**** Provided records

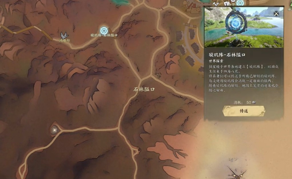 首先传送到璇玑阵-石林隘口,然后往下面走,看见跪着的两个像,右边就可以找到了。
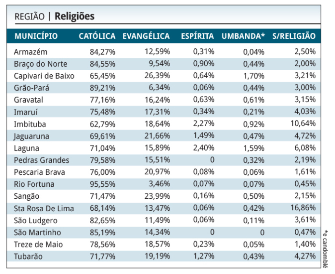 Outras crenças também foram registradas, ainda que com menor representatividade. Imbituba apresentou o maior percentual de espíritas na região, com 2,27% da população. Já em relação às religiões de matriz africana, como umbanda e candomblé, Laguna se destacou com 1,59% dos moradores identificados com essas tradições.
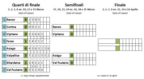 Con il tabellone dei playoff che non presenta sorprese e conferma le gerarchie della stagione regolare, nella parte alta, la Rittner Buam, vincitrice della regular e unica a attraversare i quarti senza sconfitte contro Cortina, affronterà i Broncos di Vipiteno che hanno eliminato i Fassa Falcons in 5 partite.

********
**** Provided records

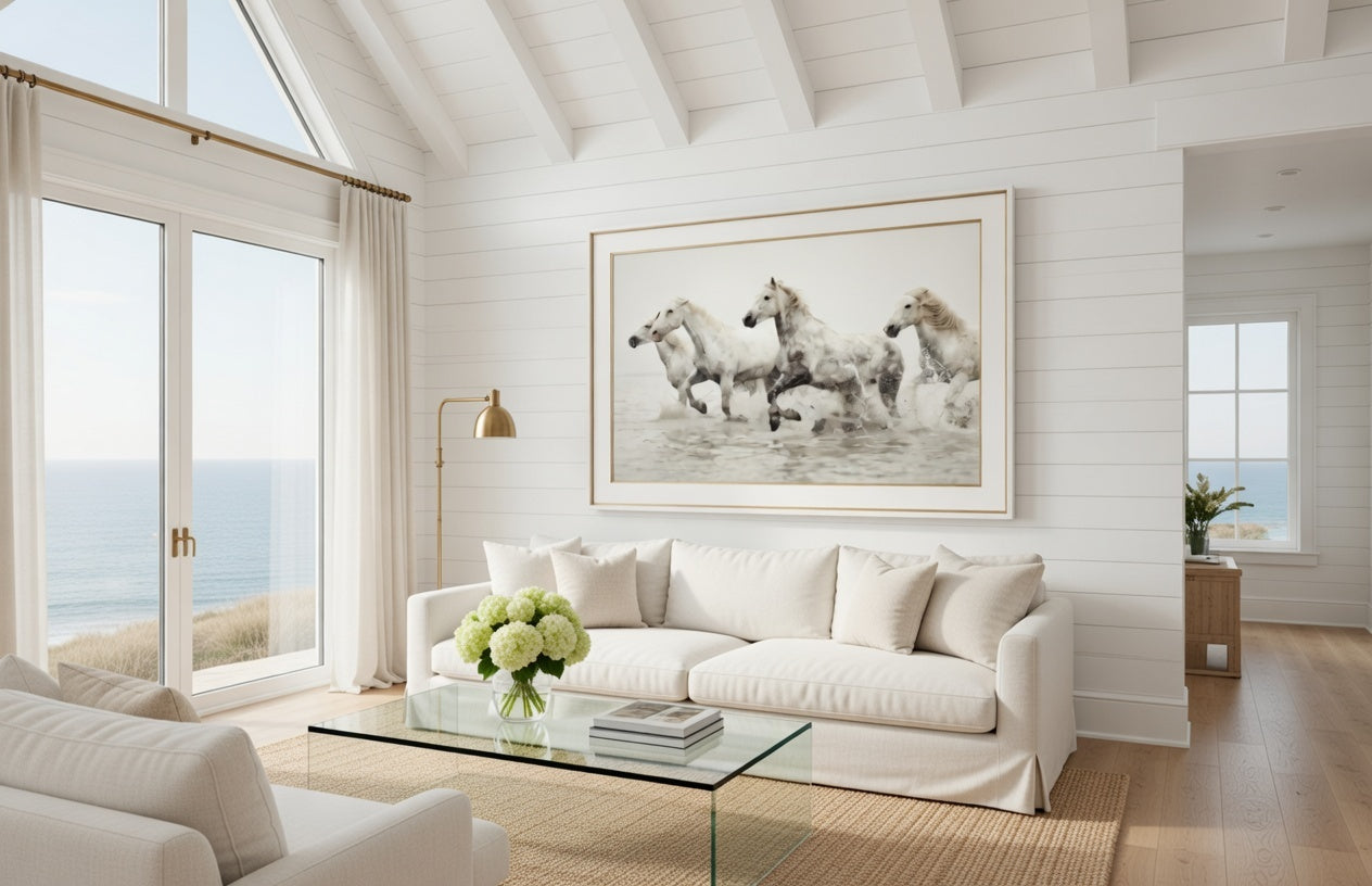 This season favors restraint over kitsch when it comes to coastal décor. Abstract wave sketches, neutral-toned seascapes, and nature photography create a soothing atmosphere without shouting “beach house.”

********

Assigned task
Beginning with the line above that contains "Outras crenças também" and ending with the line that contains "Con il tabellone", quote each line exactly, keeping out the pictures.

Your response
 Outras crenças também foram registradas, ainda que com menor representatividade. Imbituba apresentou o maior percentual de espíritas na região, com 2,27% da população. Já em relação às religiões de matriz africana, como umbanda e candomblé, Laguna se destacou com 1,59% dos moradores identificados com essas tradições.
 Con il tabellone dei playoff che non presenta sorprese e conferma le gerarchie della stagione regolare, nella parte alta, la Rittner Buam, vincitrice della regular e unica a attraversare i quarti senza sconfitte contro Cortina, affronterà i Broncos di Vipiteno che hanno eliminato i Fassa Falcons in 5 partite.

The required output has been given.